### Task
From the listing below, retype exactly the line holding "Espace entrée ouvert", the line holding "临近春节,各地年货市场热热闹闹,人们忙着选购新春饰品。", and the lines between them; skip everything else.

### Data shown
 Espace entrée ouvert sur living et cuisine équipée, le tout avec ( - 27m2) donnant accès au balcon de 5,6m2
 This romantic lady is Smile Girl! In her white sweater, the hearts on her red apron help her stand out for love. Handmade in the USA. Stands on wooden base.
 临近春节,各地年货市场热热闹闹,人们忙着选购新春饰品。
==
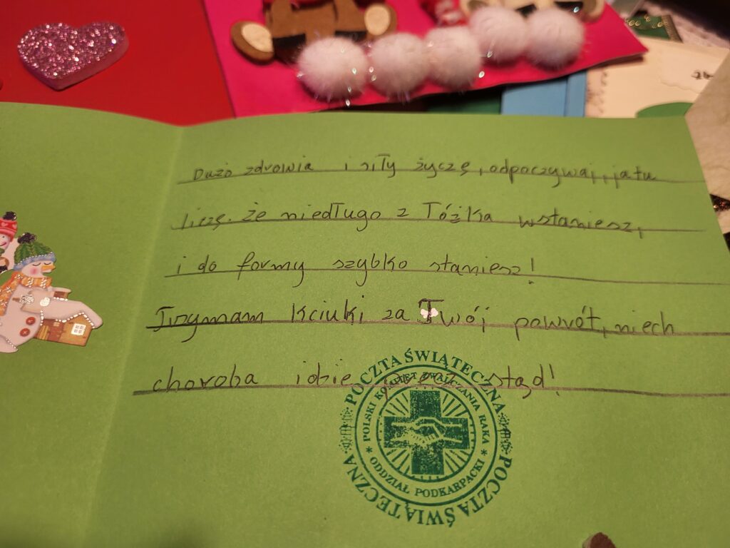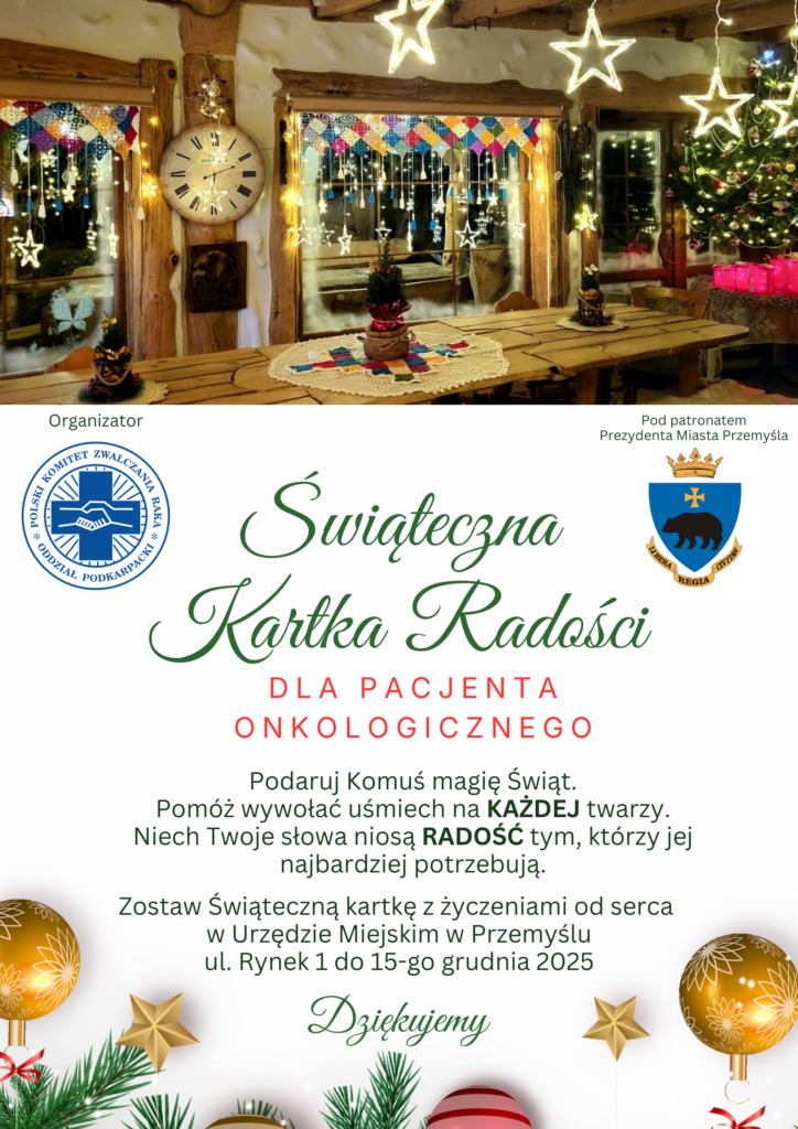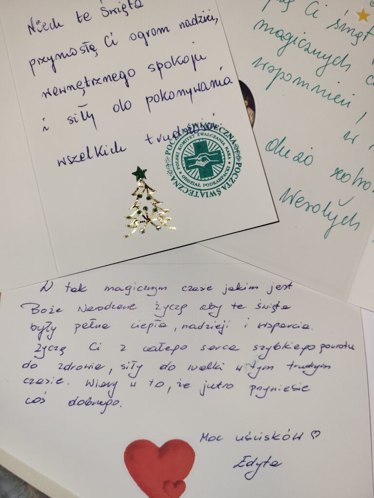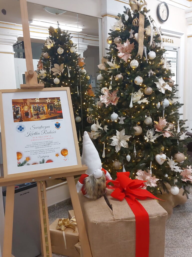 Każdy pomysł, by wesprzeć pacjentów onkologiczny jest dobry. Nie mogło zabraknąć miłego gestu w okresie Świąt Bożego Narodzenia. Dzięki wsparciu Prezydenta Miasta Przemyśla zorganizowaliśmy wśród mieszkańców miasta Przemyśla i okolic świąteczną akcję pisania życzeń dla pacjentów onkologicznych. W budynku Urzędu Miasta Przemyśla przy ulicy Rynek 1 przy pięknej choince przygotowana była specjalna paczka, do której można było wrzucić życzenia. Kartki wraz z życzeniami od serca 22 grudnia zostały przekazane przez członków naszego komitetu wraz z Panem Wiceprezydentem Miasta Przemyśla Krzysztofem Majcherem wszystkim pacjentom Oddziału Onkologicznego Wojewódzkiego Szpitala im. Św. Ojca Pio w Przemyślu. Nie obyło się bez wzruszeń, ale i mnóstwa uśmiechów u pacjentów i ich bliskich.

### Exercise answer
 Espace entrée ouvert sur living et cuisine équipée, le tout avec ( - 27m2) donnant accès au balcon de 5,6m2
 This romantic lady is Smile Girl! In her white sweater, the hearts on her red apron help her stand out for love. Handmade in the USA. Stands on wooden base.
 临近春节,各地年货市场热热闹闹,人们忙着选购新春饰品。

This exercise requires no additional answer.